## Material provided
□ □ □ □ □ □ □
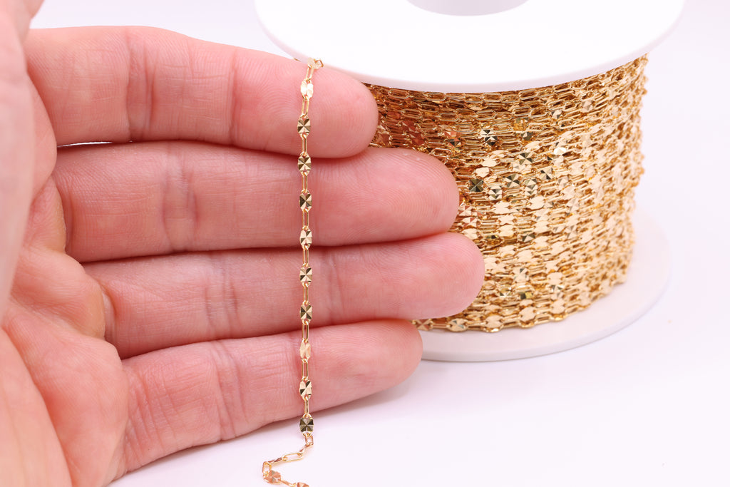 2.5mm x 4mm Square Textured Paperclip Chain, 14/20 Gold-Filled, Wholesale, Pay Per Foot, Jewelry Making Chain
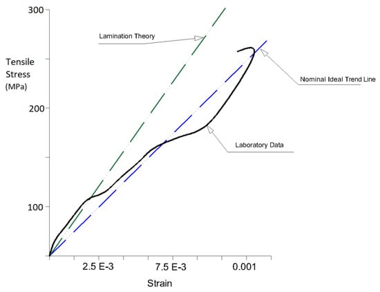 Comparison of axial stress–strain based on laboratory data, the lamination theory, and an ideal hypothetical line. The GFRP material properties are as shown in Table 2, compressive strength of the concrete in the pile: 30 MPa.
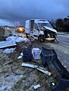 Lastbil i autoværnet
□ □ □ □ □ □ □
## Work task
Beginning with the line that holds "Comparison of axial", output each line to the end of the material above, exactly, omitting the pictures.

## Result
 Comparison of axial stress–strain based on laboratory data, the lamination theory, and an ideal hypothetical line. The GFRP material properties are as shown in Table 2, compressive strength of the concrete in the pile: 30 MPa.
 Lastbil i autoværnet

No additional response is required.